Going forward, how should Tokyo work with the world’s financial hubs to advance net-zero finance?
Sasagawa: There are two main points. First, we must keep taking action and keep communicating. Japanese government bodies tend to act cautiously and communicate only after all coordination is complete, but the financial world works the other way around. First you communicate, raise awareness, and then make small adjustments if needed. Taking action first and sharing it is crucial. Second, Tokyo must not lose what makes it Tokyo. Safety is important, of course, but so are Japan’s unique strengths such as politeness, diligence, and trust. I believe Tokyo should cooperate with other cities while maintaining those qualities.

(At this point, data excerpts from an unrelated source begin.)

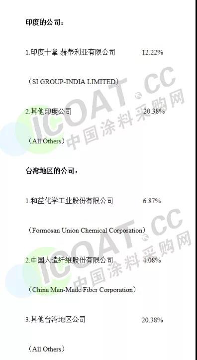 據涂料采購網不完全統計,自2019年1月1日以來,中華人民共和國商務部先后針對37個國家、地區的17種產品實施了反傾銷調,這其中包括部分化工產品。國家商務部針對部分國家實施反傾銷調查和加征關稅,為國內民族企業的發展提供了一個健康的發展環境。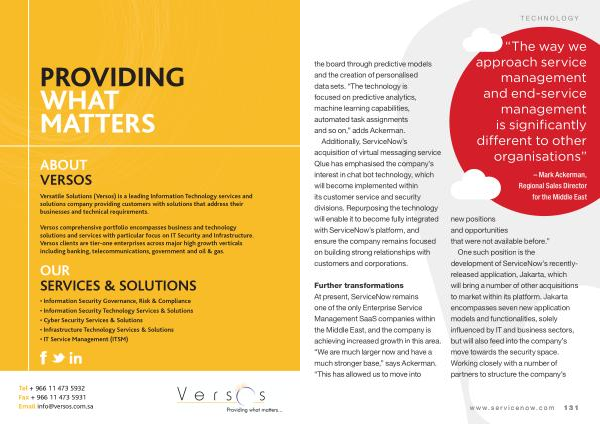 Versos comprehensive portfolio encompasses business and technology solutions and services with particular focus on IT Security and Infrastructure . Versos clients are tier-one enterprises across major high growth verticals including banking , telecommunications , government and oil & gas .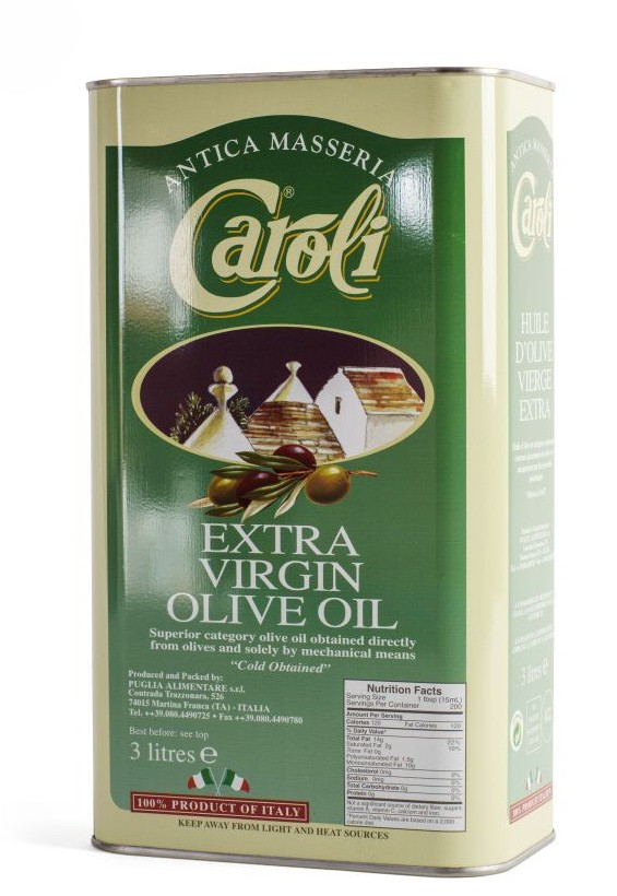 A Caroli extra szűz olivaolaj 100% olasz termék, amelyet 3 literes fémdobozban kínálunk, hogy az autentikus olasz ízek mindig kéznél legyenek.

Shimizu: The most important thing is to communicate Tokyo’s initiatives effectively to the world. Events like this, hosted by FinCity.Tokyo and the Climate Bonds Initiative, are extremely valuable opportunities to directly present Tokyo’s efforts to international investors and stakeholders and deepen their understanding through dialogue. From the perspective of a bond issuer, our primary goal is fundraising, but that is not all. By issuing resilience bonds, we also aim to communicate Tokyo’s efforts to strengthen resilience to the world and promote investment in the resilience field globally. We want more people to learn about these efforts, realize that they too want to participate, and build that awareness into collaboration. That will deepen understanding of Tokyo’s initiatives and expand resilience investment, which in turn will attract more investors and make Tokyo’s fundraising easier. We want to create that kind of virtuous cycle.